Evidence from the Demographic and Health Survey of sub-Saharan Africa also showed that only 18% of households treat their drinking water appropriately. 25 In Ethiopia, various studies found that efforts to minimize water-borne diseases by treating drinking water at the source were insufficient to reduce water-borne diseases in the country unless drinking water was treated and sanitary handling is practiced at home. 26

In Ethiopia, access to safe drinking water is very low, and even safe water at the point of distribution is subjected to frequent and substantial contamination during collection, transport, and storage. Meanwhile, conventional water treatment plants are scarce, and even existing plants are vulnerable to frequent interruptions and technical malfunctions. 22 Even improved water sources often fail to provide safe drinking water due to an infusion of fecal contamination in the course of the distribution system and mode of use.27 -29 Treatment of point of use water at the household level, such as boiling and chlorination, is the most cost-effective intervention to prevent diarrheal disease. The effect of chlorine-treated household water treatment on the reduction of diarrhea episodes is variable, ranging from no protective effect to 85% reduction. 4 However, household water treatment is widespread throughout the world but in Ethiopia a maximum of 6% and below it of the households practiced HWT.30,31

The United Nation as program set the SDG 6.1 universal and equitable access to safe and affordable drinking water for all by the end of 2030. 32 Despite increasing efforts to promote household water treatment in Ethiopia through routine health extension program, the reasons for the low practice are not yet clear. In addition to the limited research done on this regard, there is no conclusive and consistent evidence on factors that determine the practice of household water treatment among rural households. It will also enrich literatures available on household water treatment practice and may trigger other researcher to conduct related studies in various parts of the globe. Therefore, the main objective of this study was to evaluate the current status of household water treatment practices and associated factors in rural households in Sodo Zuria District, South Ethiopia.

Methods

Study setting: The study was carried out in rural households in the Sodo Zuria district, southern Ethiopia, from August 1st to September 30, 2018. The Sodo Zuria district is located in the Wolaita zone 329 kilometers south of Addis Ababa, the capital of Ethiopia. The district has 36 Kebeles (sub-districts/lowest administrative unit in Ethiopian context) and 35 231 households. The district had also about a total of 172 632 populations. The common sources of household water supply in the district are unimproved water sources such as a river, well, and spring water. 33

Study design and population: A community-based cross-sectional study design was used. All households in the district were the source population and all randomly selected households from the selected kebeles were the study population. Respondents whose age is 18 years and above (preferably female), and who have been living for at least 6 months in the district were included in the study. Whereas, respondents who were seriously ill and could not communicate to give information were excluded from the study.

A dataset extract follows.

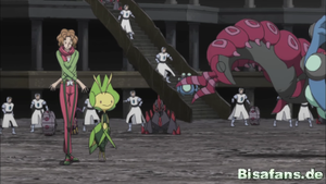 In weiterer Folge erscheinen noch weitere Pokémon. Aloes Terribark wehrt Angriffe von einigen Pokémon ab, während Kamilla reitend auf ihrem Zebritz das Geschehen betritt. Arties Matrifol tänzelt durch die Reihen der Gegner und setzt dabei Laubklinge ein, während Sandro mit seinen Kampfkünsten gegen die Rüpel selbst vorgeht. Sein Siberio schleudert ein Brockoloss gegen die Schlossmauer und Géraldines Swaroness bietet mit Luftklinge Luftunterstützung. Zum Schluss mischt auch Lysanders Maxax mit und schaltet einige der gegnerischen Pokémon aus. Somit sind beinahe alle Arenaleiter der Einall-Region versammelt.

Sample size: A single population proportion formula was used considering the proportion of HWT practices from a study conducted in north-west Ethiopia which is 44.8%. 5 With an assumption of 95% confidence level, 5% margin of error, design effect of 2 and an anticipated nonresponse of 10% were considered. Based on the above assumptions, using the single proportion formula, the total sample size was found to be 836.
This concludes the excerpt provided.